Table 4 Probability of clients concluding information about clusters

From the results, it is obvious that as the number of clients increases, the probability that they get vectors for the same alert or the same cluster twice decreases. While there is no direct privacy leakage for clients, it seems that relatively larger sets of clients are safer with respect to this information disclosure to clients.

7.6.3 GDPR limitations

In a real-world scenario, the application of the proposed method would trigger concerns regarding the fact that organizations process data of other organizations. Specifically, under the General Data Protection Regulation (GDPR), this could create an important practical issue.

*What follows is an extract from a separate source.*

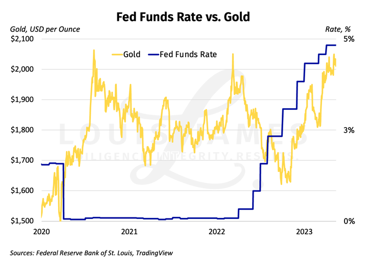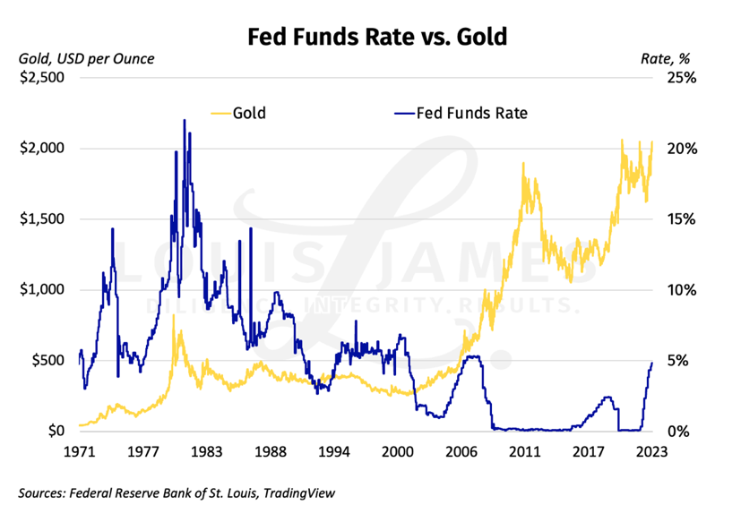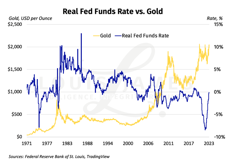 And here’s the same chart of the nominal Fed Funds Rate versus gold. Fed intervention since the GFC has clearly muddied the relationship.

The proposed approach requires organizations to process others’ data, but under two significant constraints:

  • Data are anonymized; thus, an organization does not have any indication to which of the other organizations the data, being processed, belong to.

  • Data are obfuscated; thus, even by getting access to an obfuscated value, the processing organization does not get to know to which real value it reflects.

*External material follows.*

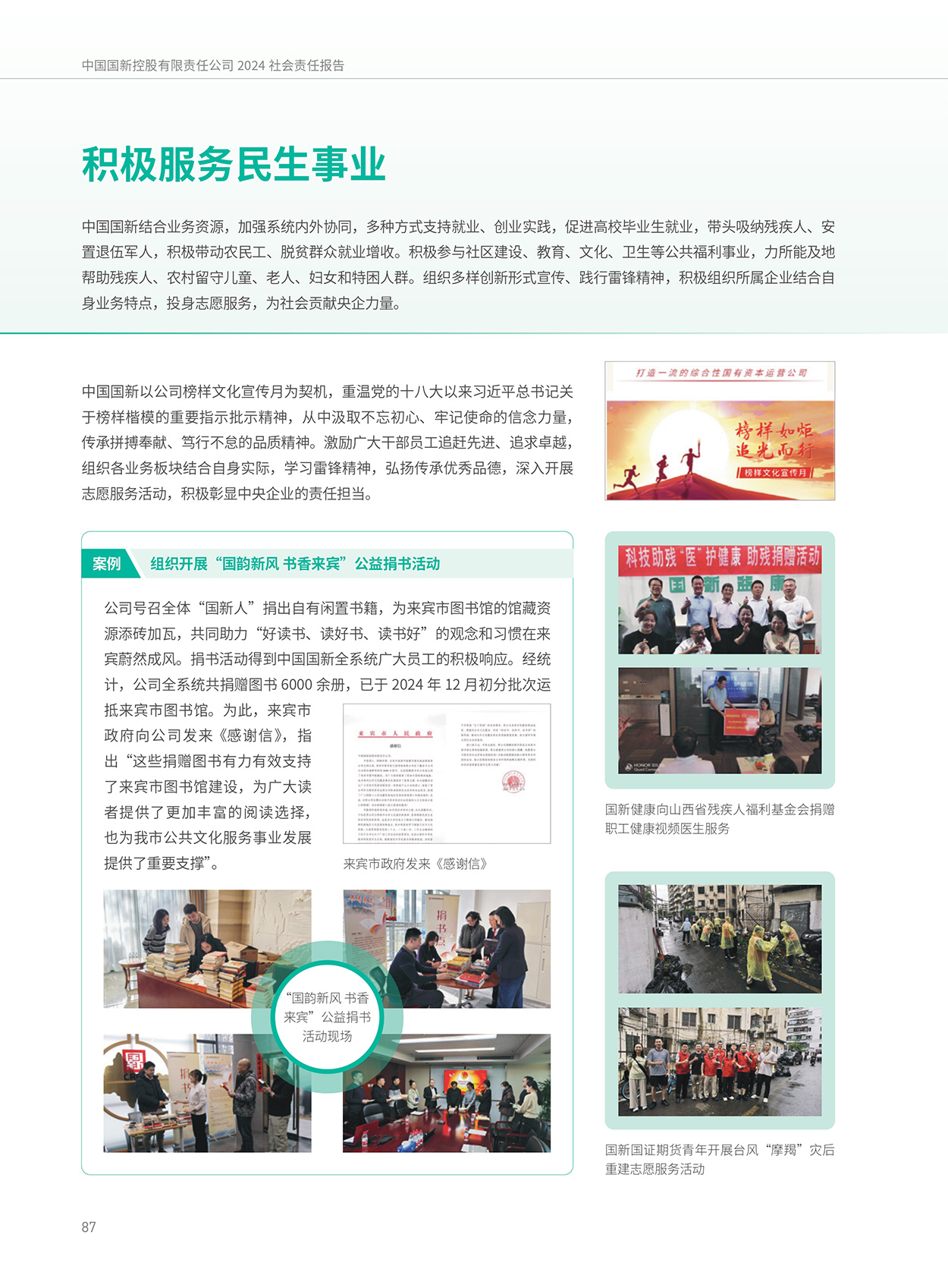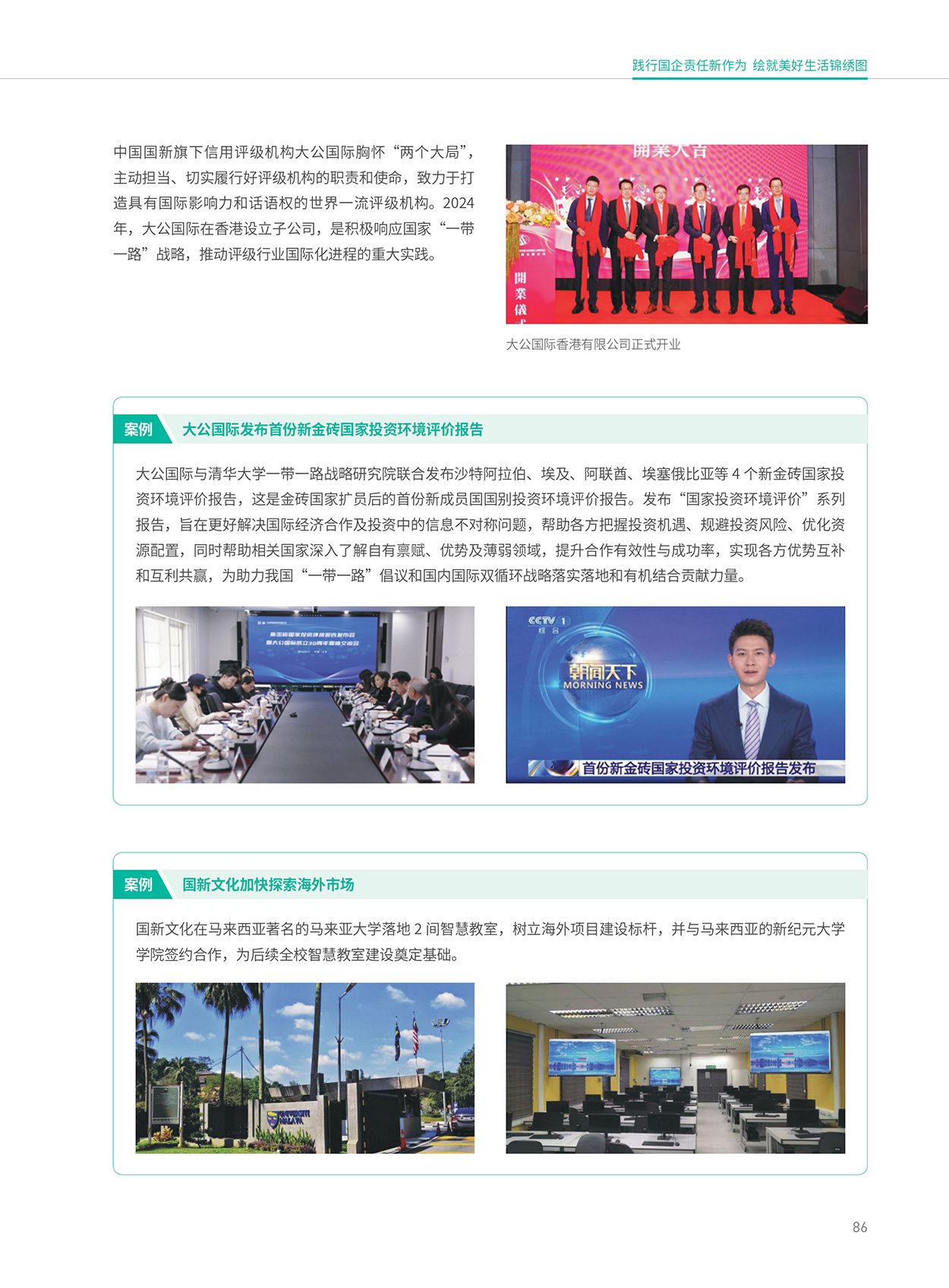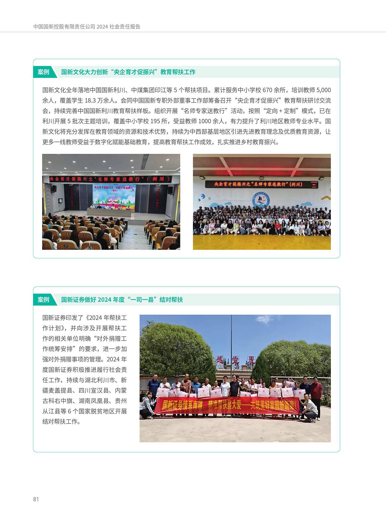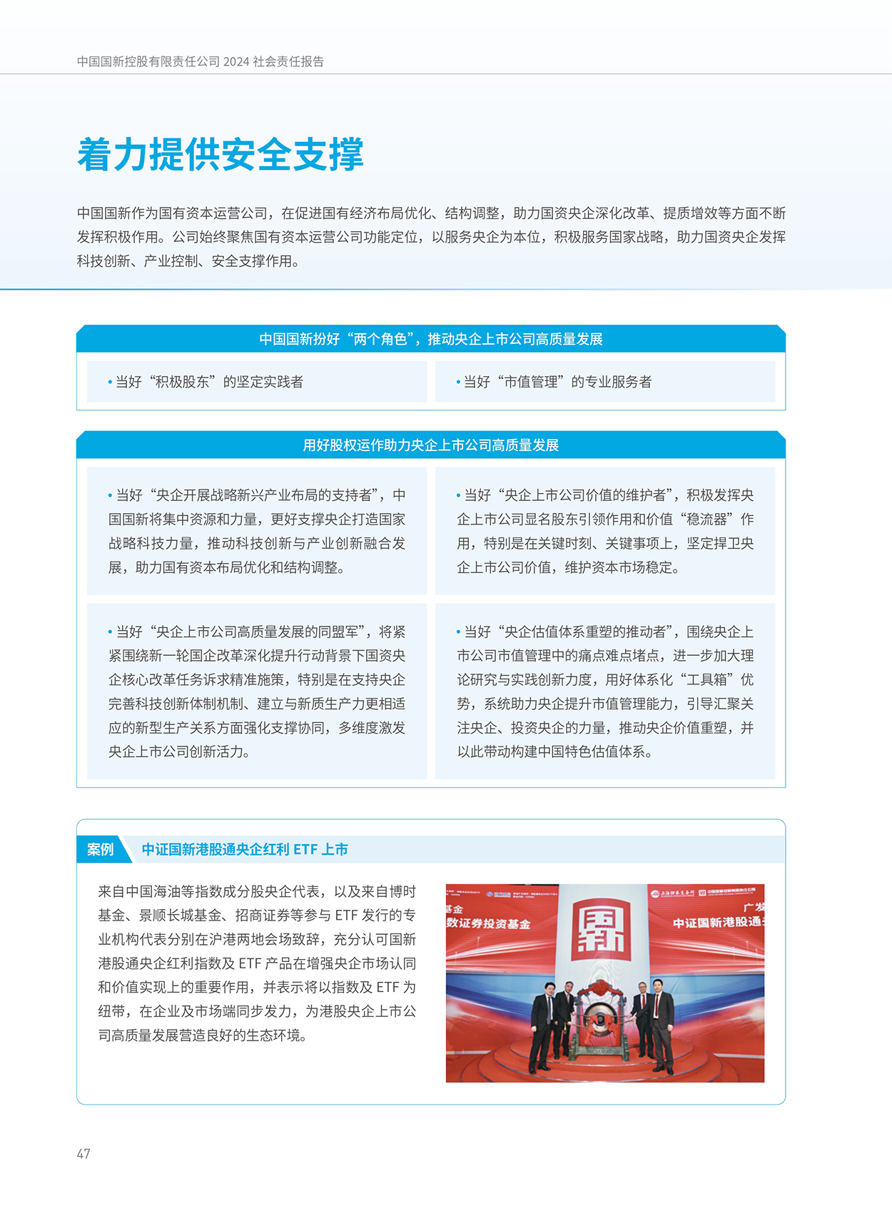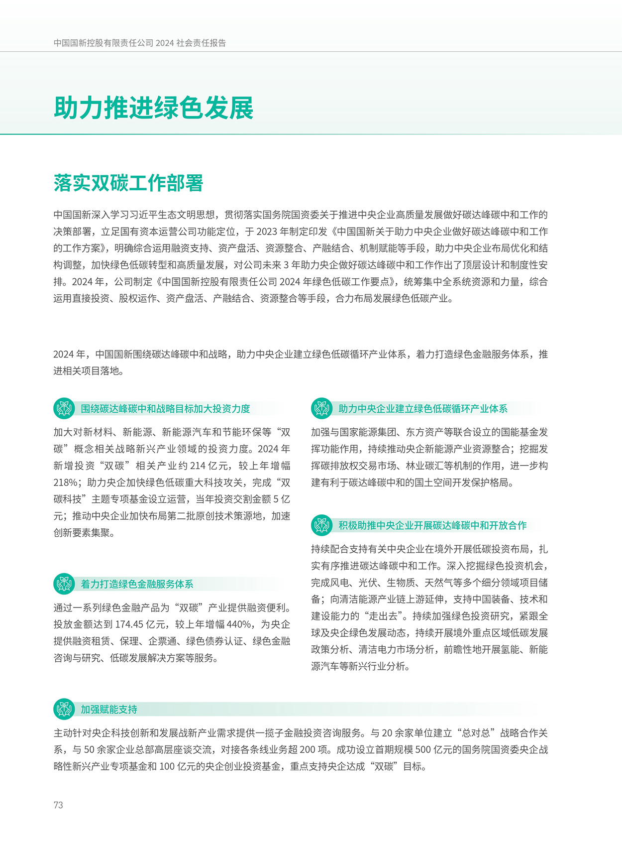 本報告是中國國新控股有限責任公司發布的第14份社會責任報告,反映中國國新2024年度在履行經濟責任、政治責任、社會責任中促進企業改革發展、員工成長及構建和諧企業等方面的實踐和績效,旨在積極回應利益相關方的關注,為各利益相關方提供便捷的溝通渠道。

Under the aforementioned rules, the privacy implications are minimized and it would be more feasible to have participating organizations consent to the specific scheme that would allow others to process a part of their data. Given that organizations give their consent when they accept to become members of this collaborative intrusion detection consortium, there should be no GDPR issues in the long run.

8 Conclusions and future work

The system proposed enables privacy-preserving alert clustering between multiple organizations. Such alerts post-processing may reveal important information about cyber-attacks being conducted and set the organizations able to efficiently protect their networks. To comply with the real-world requirements, the proposed system protects the privacy of the participating organizations. This comes with a cost, as to preserve privacy the system has to bear with a performance penalty. As it is shown in Sect. 7, the rate, at which the system can cluster alerts, depends on the hardware used and it is expected that participating organizations will use sufficient hardware resources.

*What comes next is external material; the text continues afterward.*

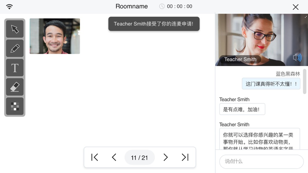 声网公益在线课堂一站式解决方案覆盖各种在线教育场景和运用功能,包括互动白板,实时音视频,实时聊天,播放视频课件,实时录制,标准的界面交互体验,为使用者提供了高效,生动的交互式在线学习服务。

It has been proven that it is possible to conduct privacy-preserving alerts clustering between different organizations. Given that these organizations are willing to invest in the required hardware, according to their needs, it is possible to make this collaboration scheme effective and able to process alerts without inducing any significant overhead.

A requirement for the system to function properly is that all participants, the server and the clients, operate according to the protocol. Every participant adheres to the honest but curious model; thus, they send the proper values calculated according to the protocol. At the same time, they may try to get access to available private information regarding others. The privacy of participants is protected by the proposed methodology, as it is analyzed in Sect. 7.6. The integrity of the calculations is protected by the honesty of the participants. If a malicious client (or even a malicious server) attempts to destroy the calculations’ workflow, it is easy to do so by sending invalid data to others. Given the fact that data in the system are mainly encrypted, it is challenging to do any integrity checking, to prevent participants from sending invalid inputs.

Regarding future work, we intend to justify that the method presented is appropriate for scaling up with hardware. The system implemented is going to be tested in more demanding conditions. We plan to test the system with higher traffic and alert rates, while using more capable hardware. This approach will reveal any performance bottleneck that our approach may suffer from.

Another improvement to the approach would be to use an alternative encryption algorithm such as the homomorphic encryption scheme BGN [5] that would enable more processing on the trusted third-party side. BGN algorithm may create the need for more resources in the TTP server side, but would significantly limit the required network communications. This would have a positive effect on both performance and privacy protection.